Towards Home Rule
Parnell's party emerged swiftly as a tightly disciplined and, on the whole, energetic body of parliamentarians. By 1885, he was leading a party well-poised for the next general election, his statements on Home Rule designed to secure the widest possible support. Speaking in Cork on 21 January 1885, he stated:
We cannot ask the British constitution for more than the restitution of Grattan's parliament, but no man has the right to fix the boundary of a nation.
No man has the right to say to his country, "Thus far shalt thou go and no further", and we have never attempted
to fix the "ne plus ultra" to the progress of Ireland’s nationhood, and we never shall.

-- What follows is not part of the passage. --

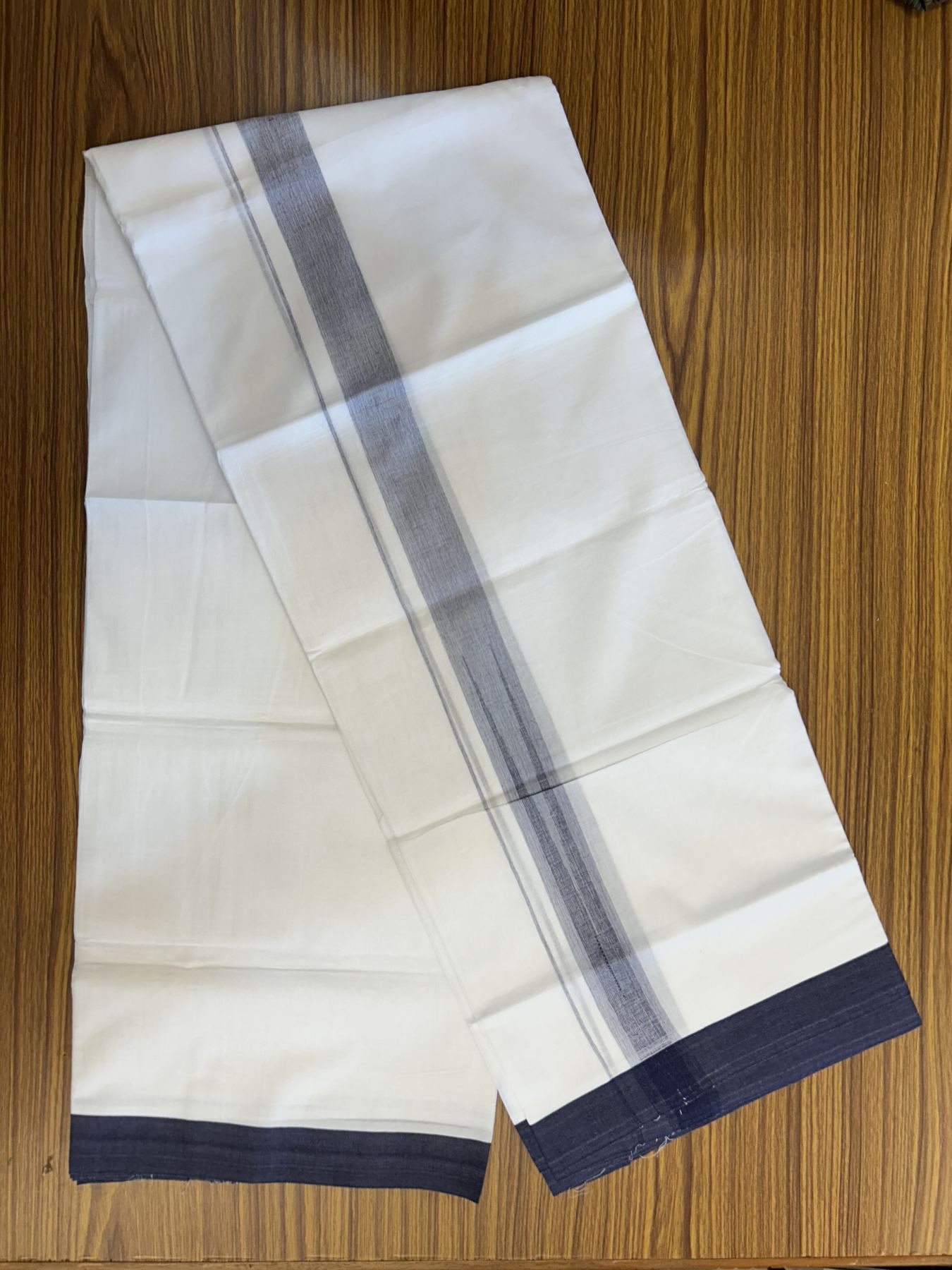 20% Discount! KaithariKada Balaramapuram 100% Cotton Double Pure white Mundu/Dhoti- 100X80 - 1.25 inch Puliyilakkara Navy Blue Chutty kara - 4 mtr ( 8.5 muzham) - 6 KK5341 VIN

Both UK parties toyed with various suggestions for greater self-government for Ireland, in March 1885 the settlement that the radical MP Joseph Chamberlain proposed involved democratic county councils which in turn would elect a Central Board for Ireland, which was thrown out by the Cabinet. Gladstone on the other hand saying he was prepared to go ‘rather further’ than the idea of a Central Board . After Gladstone's government fell in June 1885, Parnell urged the Irish voters in Britain to vote against the Liberals. The delayed November general elections (boundaries were being redrawn after the Third Reform Act) brought about a hung Parliament in which the Liberals with 335 seats won 86 more than the Conservatives, with a Parnellite bloc of 86 Irish Home Rule MPs holding the balance of power in the Commons. Parnell's task was now to win acceptance of the principle of a Dublin parliament.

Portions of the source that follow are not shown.